Furthermore, while several studies have reported a correlation between the sense of agency and body ownership37,38,39,40,41, it remains unclear whether the sense of agency influences the visual identity of the body, especially face42. In other words, by investigating whether altering the state of motor-visual synchronization results in changes in the recognized facial identity, we can validate the relationship between motion agency and the visual identity of the face. Taken together, the influence of synchronization with one’s movements on self-face recognition remains an unexplored domain, necessitating further research to elucidate these dynamics.

In addressing this issue, we utilized the state-of-the-art image synthesis technology43,44,45,46 to create a new experimental paradigm. Our experiment system generated real-time morphing face video from the participants’ faces to those of others of the same gender, allowing changing facial identity. While controlling facial identity, the face image moves in sync with the participant’s facial movements to replicate the experience of viewing one’s reflection (Fig. 3).

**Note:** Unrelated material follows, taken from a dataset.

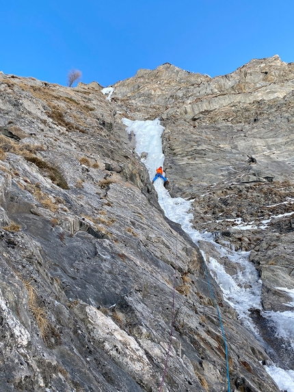 Linea di ghiaccio e misto in ambiente solitario e isolato ma non eccessivamente lontano dall'auto. Le difficoltà non sono elevate ma è comunque richiesto un pizzico di spirito di avventura considerando che in posto non si trova materiale ad eccezione dell'ultima sosta.

This approach enables the exploration of the boundaries of self-face recognition not just through still images, but also in a state incorporating one’s facial movements. We investigated the impact of visual facial movements on the boundaries of self-face recognition through three conditions: Static, in which participants observed only morphing still images; Sync, in which the face images synchronized with one’s facial movements; and Async, in which there were movements, but they were not in sync with the facial images. Note that in the manuscript, we describe the boundary for self-other face recognition as the self-face boundary.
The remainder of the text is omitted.